Cyber Awareness: Treat cyber security like drink driving

Cyber security safety must become an instinctive reaction

By Tom Ball

Cyber risks are relevant to everyone, not just to governments hosting elections or to major organisations and businesses. Everyone is a target and the threats exist at all levels. We are at a moment in time when we must be armed with sufficient cyber awareness to remain safe and yet this is becoming harder and harder to do thanks to a new cyber frontier – IoT.
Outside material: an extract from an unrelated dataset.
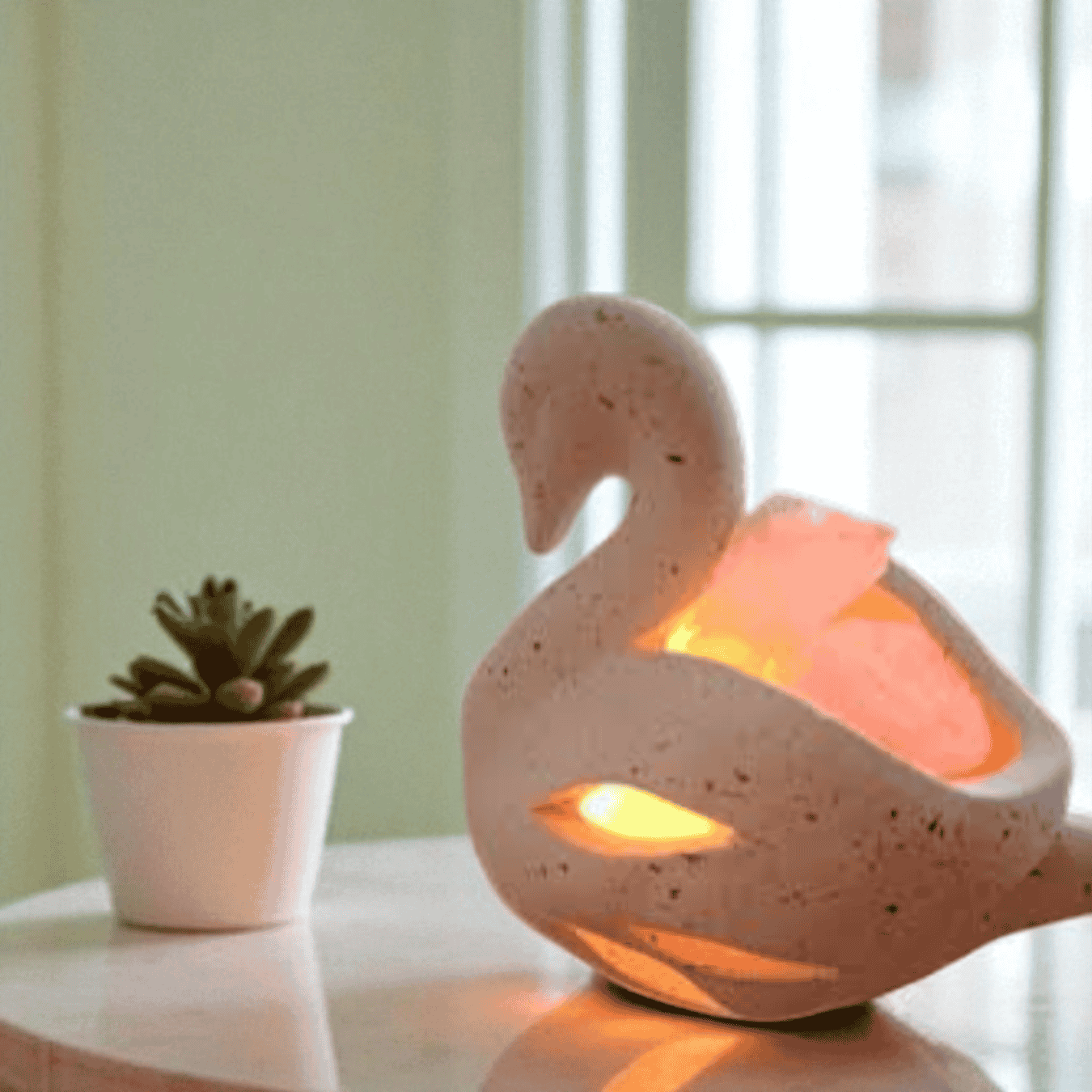 La lámpara de sal Himalaya modelo Cisne es un hermoso accesorio que combina estética y funcionalidad. Con dimensiones de 16 cm de altura y 14 cm de diámetro, su diseño elegante e innovador se asemeja a un cisne, aportando un toque de distinción a cualquier espacio.

There is chasm of a knowledge gap that is being constantly exploited by hackers who are capable of both extremely high tech attacks and simple, mass produced phishing attacks. Many in the security industry are vocal in the need for training, pinpointing the employee as the weak link in cyber security and urging education across the board.

However, as Kaspersky’s David Emm told CBR, training is not a silver bullet – indeed, Mr Emm goes as far as to state that he doesn’t “think you can train someone to be secure.”

cyber awareness

David Emm, Principle Security Researcher, Kaspersky

“We don’t train children to cross this or that road, or work the buttons on the pelican crossing. We train them so that they are aware in any road safety situation and I think it’s the same with security,” Mr Emm told CBR.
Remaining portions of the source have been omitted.